Let's begin by importing the necessary Python libraries:
- Import the required Python libraries:
import pandas as pd
import numpy as np
import matplotlib.pyplot as plt
- Let's load a few categorical variables from the dataset:
cols = ['GENDER', 'RFA_2', 'MDMAUD_A', 'RFA_2', 'DOMAIN', 'RFA_15']
data = pd.read_csv('cup98LRN.txt', usecols=cols)
- Let's replace the empty strings with NaN values and inspect the first five rows of the data:
data = data.replace(' ', np.nan)
data.head()
After loading the data, this is what the output of head() looks like when we run it from a Jupyter Notebook:

- Now, let's determine the number of unique categories in each variable:
data.nunique()
The output of the preceding code shows the number of distinct categories per variable, that is, the cardinality:
DOMAIN 16
GENDER 6
RFA_2 14
RFA_15 33
MDMAUD_A 5
dtype: int64
The nunique() method ignores missing values by default. If we want to consider missing values as an additional category, we should set the dropna argument to False: data.nunique(dropna=False).

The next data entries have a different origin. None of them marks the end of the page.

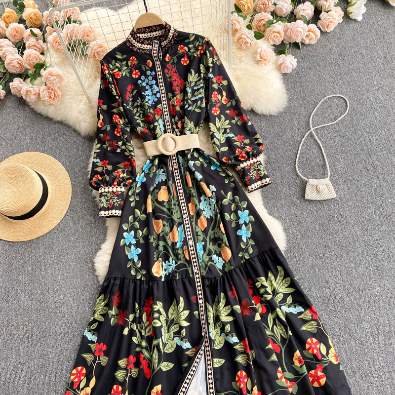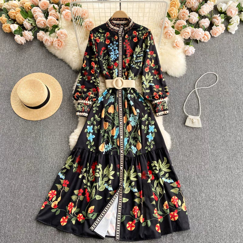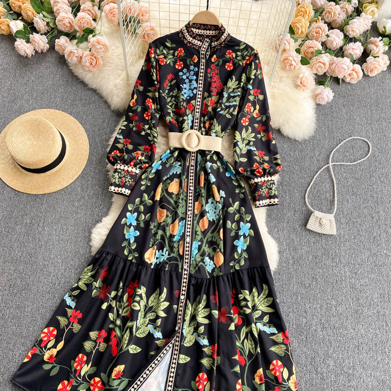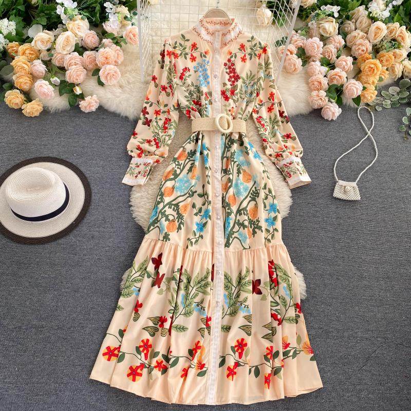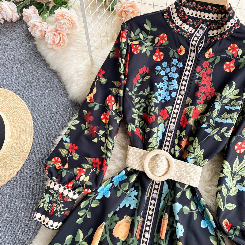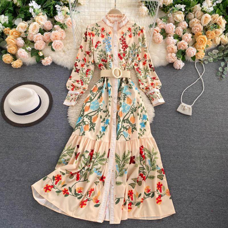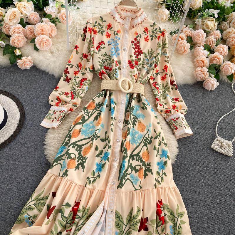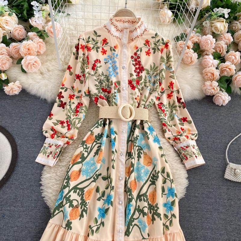 【60%OFF⭐️先行スタート!】💓大好評💓【ワンピース】春秋 韓国風 chic エレガント 花柄 フレア 長袖ワンピース【SHシリーズ】
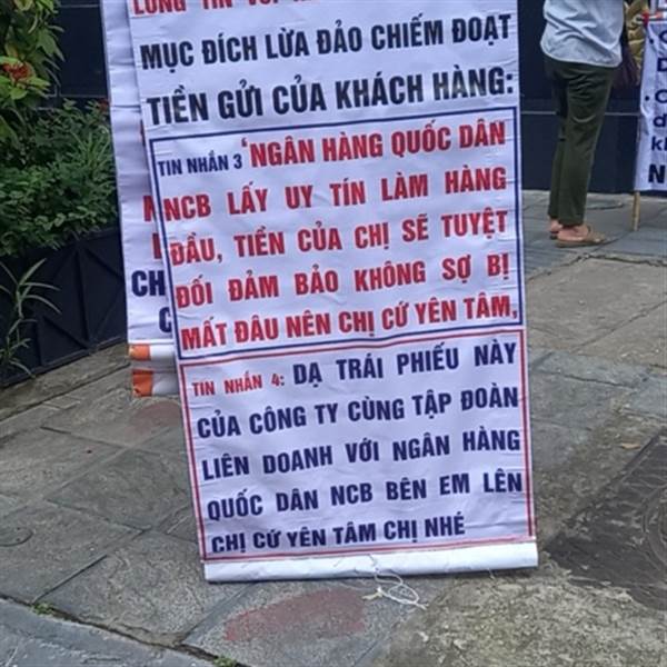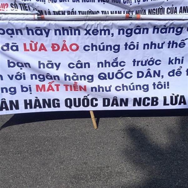 Yêu cầu ngân hàng quốc dân trả tiền mồ hôi nước mắt cho dân chúng tôi.
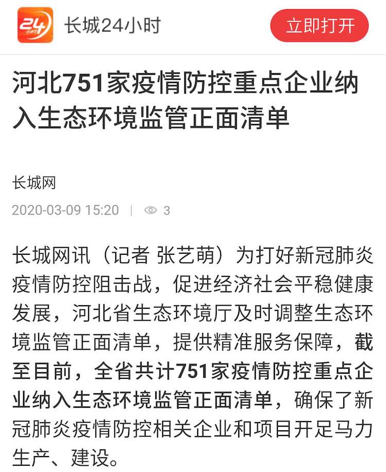 积极对接工信、发改等相关部门,对疫情防控重点企业开展摸底调查,指导各地第一时间将疫情防控重点企业和项目100%纳入生态环境监管正面清单,对有环保服务需求的疫情防控重点企业和项目,100%及时回应并服务到位,确保防控物资生产、运输顺畅。截至目前,河北省分两批将防护用品、消杀用品、医疗器械、关键原材料、医药等行业751家疫情防控重点企业纳入生态环境监管正面清单,有力保障了企业复工复产。
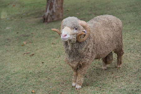 Cute funny sheep on farm. animal husbandry
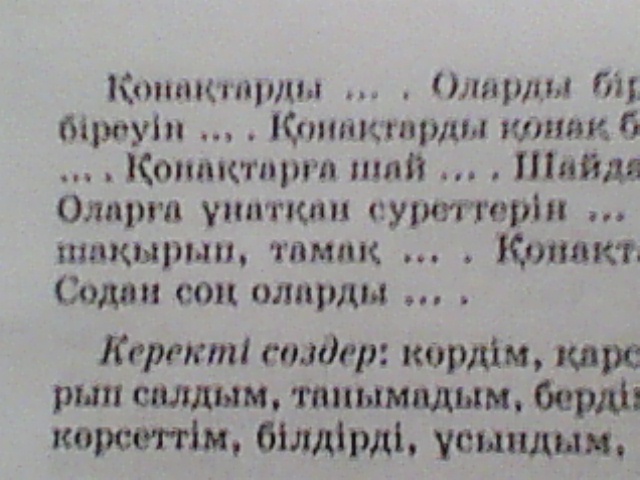 Қонақтарды қарсы алдым. Оларды бірінші рет көрдім. Екеуін танымадым, біреуін таныдым. Қонақтарды қонақ бөлмесіне кіргіздім. Бәрінде төрге шығардым. Қонақтарға шай ұсындым. Шайдан соң оларға суреттер көрсеттім. Оларға ұнатқан суреттерін сыйладым. Одан кейін дастарханға шақырып, тамақ бердім. Қонақтар ризашылықтарын білдірді. Содан соң оларды шығарып салдым.
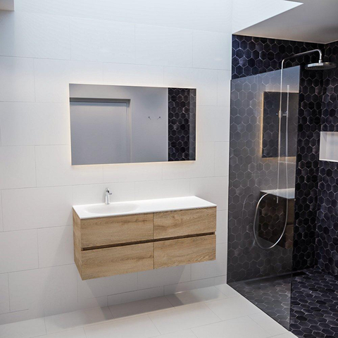 MONDIAZ VICA Badkamermeubelset - 120cm - 4 lades - wasbak Moon links - 1 kraangat - solid surface washed oak
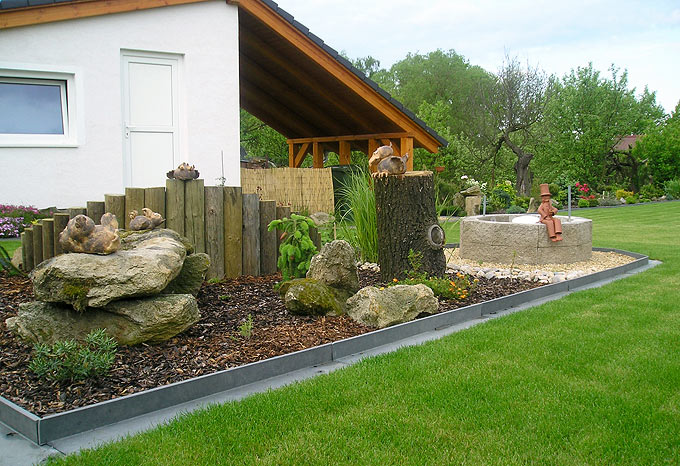 Náš lemovací obrubník je vylepšený zahradní obrubník, který jsme doplnili o vodorovnou plochu zamezující přerůstání trávy až ke svislé části obrubníku. Snadno tak sekačkou posekáte trávu bez nutnosti dodatečného začišťování.
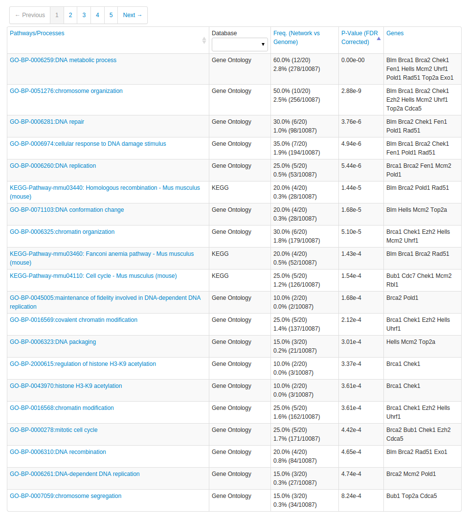 The enriched terms help to interpret the network of query and related genes. In this case, the most enriched terms reflect the role of Brca1 and Brca2 in DNA repair, and it's unsurprising that many of the related genes would also be involved in DNA repair and other DNA replication processes. The related genes that are shown in the network but not annotated to an enriched GO term could be candidate genes for additional experiments to see if they are involved in these processes or are functionally related in some other way.
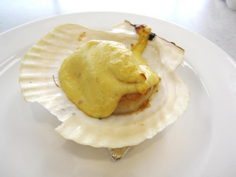 ホタテの上にソースをかけて 250°Cのオーブンで焼き色をつける。
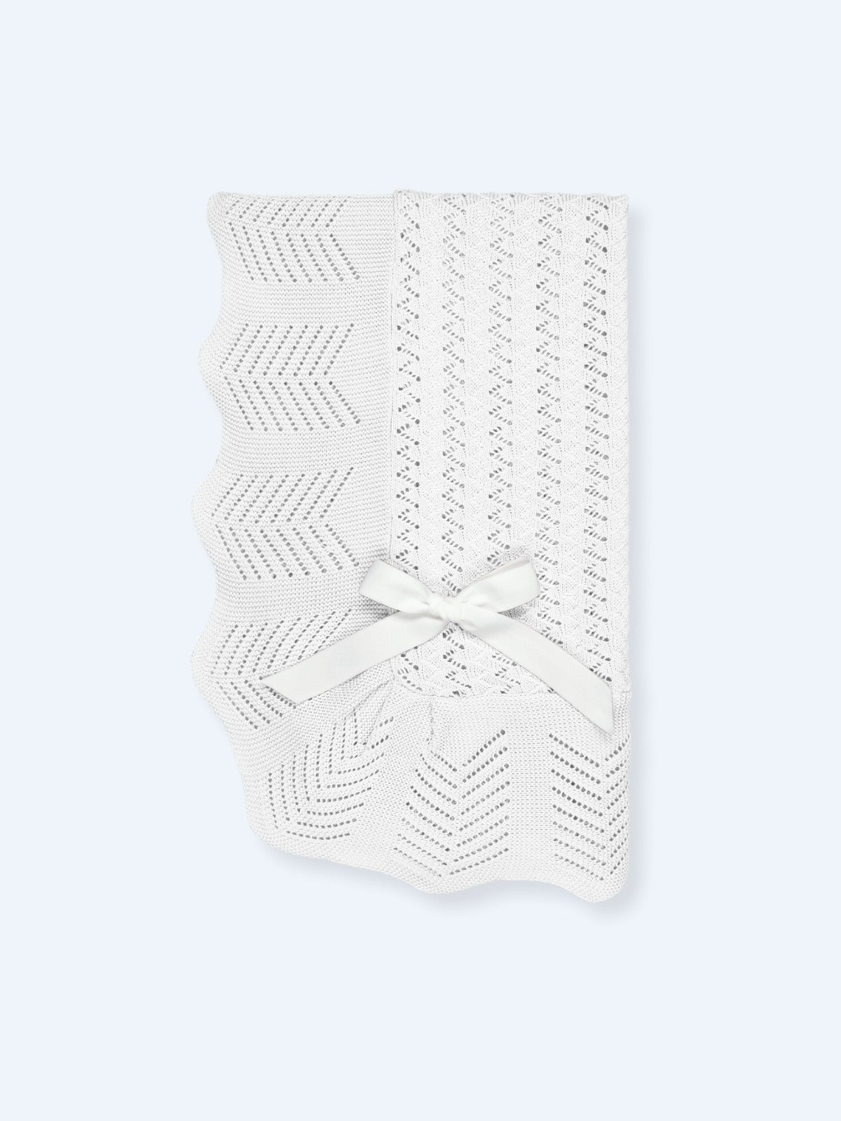 Mantita en punto ideal en perlé para los meses más calidos. Decorada con tira bordada.

- Now, let's print out the unique categories of the GENDER variable:
data['GENDER'].unique()
We can see the distinct values of GENDER in the following output:
array(['F', 'M', nan, 'C', 'U', 'J', 'A'], dtype=object)
pandas nunique() can be used in the entire dataframe. pandas unique(), on the other hand, works only on a pandas Series. Thus, we need to specify the column name that we want to return the unique values for.
- Let's make a plot with the cardinality of each variable:
data.nunique().plot.bar(figsize=(12,6))
plt.ylabel('Number of unique categories')
plt.xlabel('Variables')
plt.title('Cardinality')
The following is the output of the preceding code block:

We can change the figure size with the figsize argument and also add x and y labels and a title with plt.xlabel(), plt.ylabel(), and plt.title() to enhance the aesthetics of the plot.